PCS 2025 Supplymentary Material

LiteVPNet: A Lightweight Network for Video Encoding Control in Quality-Critical Applications

Author(s): Vibhoothi Vibhoothi,François Pitié, Anil Kokaram

Contact: vibhootv at tcd dot ie

Abstract

In the last decade, video workflows in the cinema production ecosystem have presented new use cases for video streaming technology. These new workflows e.g. in On-set Virtual Production, present the challenge of requiring precise quality control and energy efficiency. Existing approaches to transcoding often fall short of these requirements, either due to a lack of quality control or computational overhead. To fill this gap, we present a lightweight neural network (LiteVPNet) for accurately predicting Quantisation Parameters for NVENC AV1 encoders that achieve a specified VMAF score. We use low-complexity features including bitstream characteristics, video complexity measures, and CLIP-based semantic embeddings. Our results demonstrate that LiteVPNet achieves mean VMAF errors below 1.2 points across a wide range of quality targets. Notably, LiteVPNet achieves VMAF errors within 2 points for over 87% of our test corpus, c.f. ≈61% with state-of-the-art methods. LiteVPNet’s performance across various quality regions highlights its applicability for enhancing high-value content transport and streaming for more energy-efficient, high-quality media experiences.

Datasets

A large and diverse dataset was compiled to train and validate the LiteVPNet model for QP (Quantisation Parameter) prediction.

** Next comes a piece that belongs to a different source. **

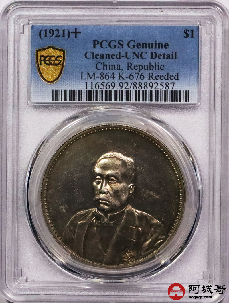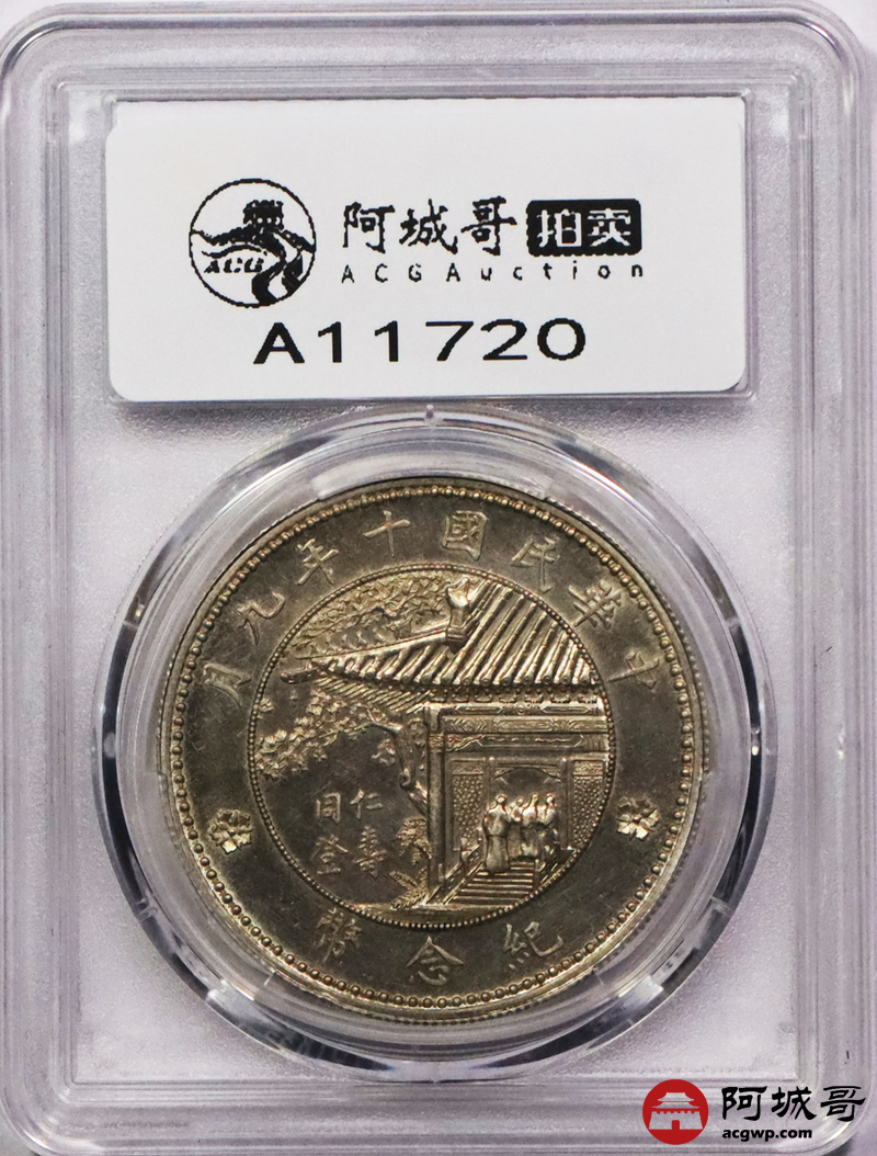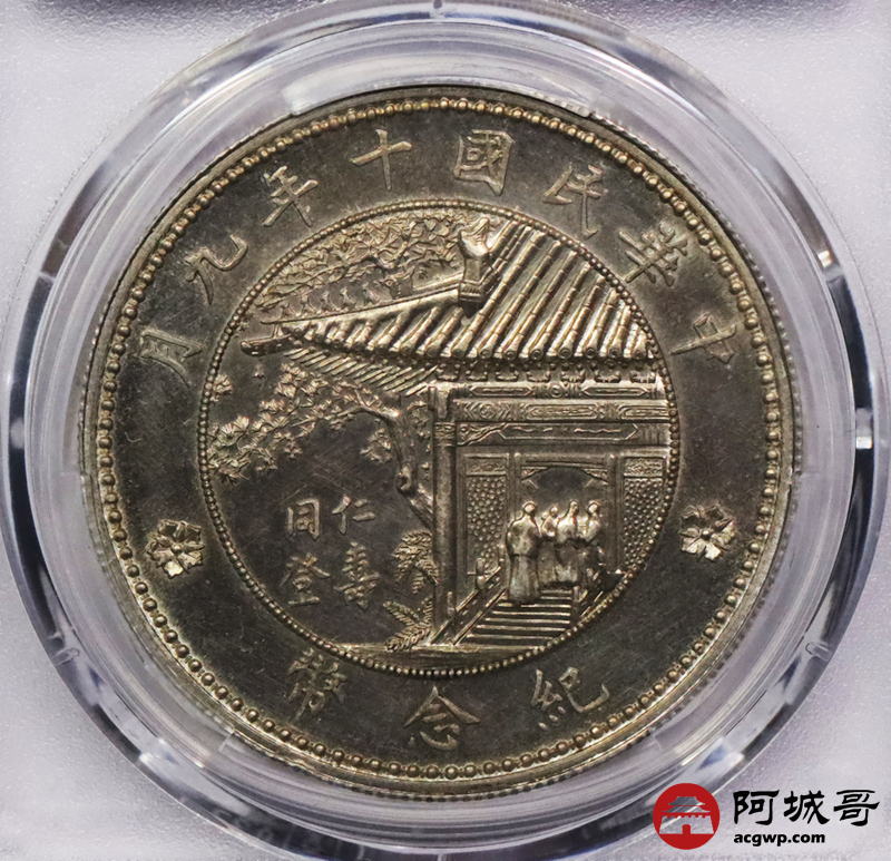 Lot:3241 1921民国十年九月徐世昌像仁寿同登纪念壹圆银币一枚,镜面黄油底板,打制压力十足 PCGS UNC

Size: A total of 2944 videos.
Characteristics:
- All videos are single-shot without scene changes.
- Video duration is typically under 7 seconds, with an average frame count of 300 frames.
- Content includes various frame rates and 1080p resolutions (e.g., 1920x1080, 1080x1920, 1080x1080).
Sources: The videos were sourced from a wide range of public and industry-standard datasets to ensure diversity and robustness:
- YouTube UGC dataset
- Netflix Open-content
- AOM-CTC (Alliance for Open Media - Common Test Conditions)
- Xiph.org Media set
- Yonsei Dataset
- Bristol Video Texture Database
- YouTube SFV dataset
- American Society of Cinematographers (ASC) SteM2
- Ultravideo group dataset
- SJTU Dataset
- Sony Cine Test Footages
- Inter4K dataset

Dataset	Spatial and Temporal Complexity

Runtime Complexity Evaluation Dataset

This dataset used for runtime analysis of LiteVPNet against other state-of-the-art models.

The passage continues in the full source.